2. Single-Molecule Microscope (Use in Complete Dark Room)

  1. Hardware: Turn on the 4 switches from right to left and top to bottom; Software: Open the yellow, black, and three consecutive software below, and use it when the temperature reaches -80°C.
  2. Drop oil onto the lens, place the slide on and align it with the lens, turn on the red light and light shield, adjust the wide field, and use the coarse focus to make the image clearer, appear bright spots, then adjust the TIRF angle to make the image clear, take pictures and save, select 3 clear fields for dynamic capture of 100 images each sample.
  3. Use the self-developed fluorescence point counting program to analyze the captured images.

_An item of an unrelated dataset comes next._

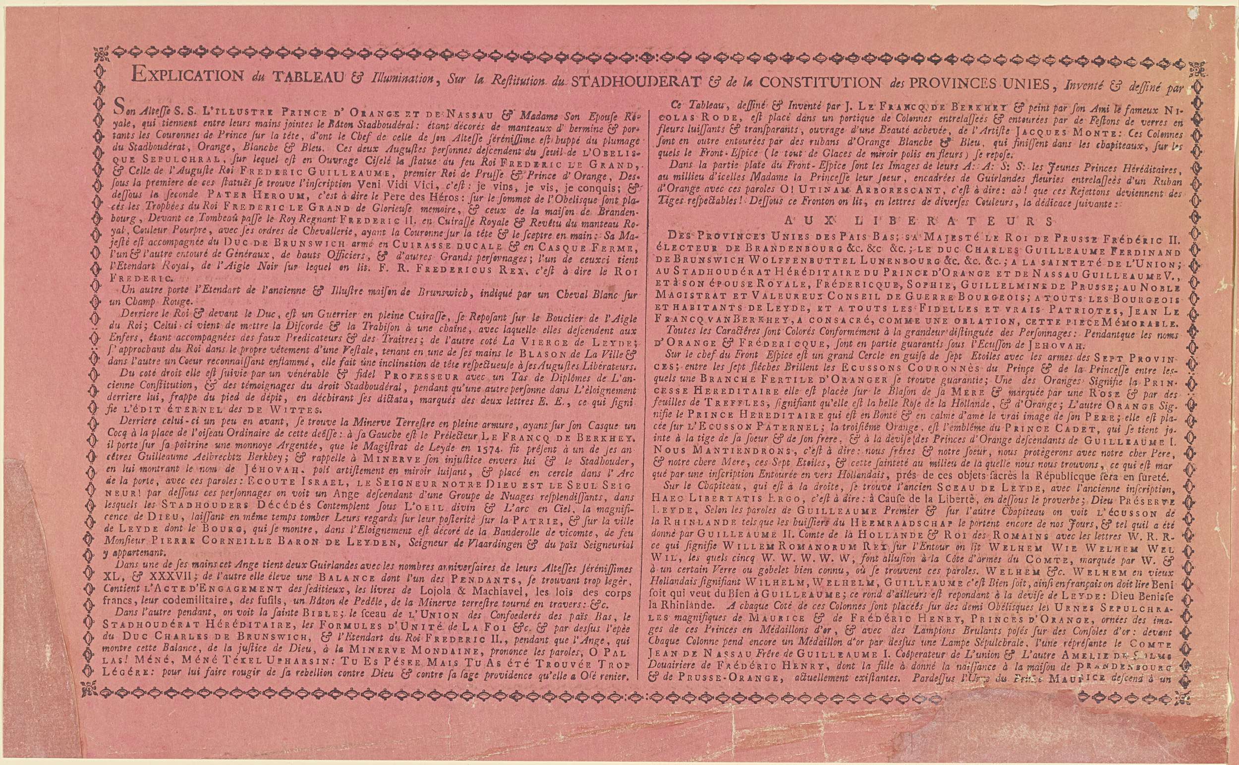 Verklaring bij de allegorie op het herstel van de st...

  4. Close the small window first and select ”No,” then close the large window and select ”No,” in the reverse order of opening. Wipe the lens with lens paper, then use a cotton swab to gently clean, restore the lens, reset the light shield, and cover it.
Notes
  1. When drying the slides with nitrogen, be mindful of the airflow size to avoid breaking the slides.
  2. The chamber must be pressed tightly with tweezers while the glue is not dry to ensure there are no gaps.
  3. The chamber must be pressed tightly with tweezers while the glue is not dry to ensure there are no gaps.
  4. Clean the optical components to prevent dust or dirt from affecting image quality.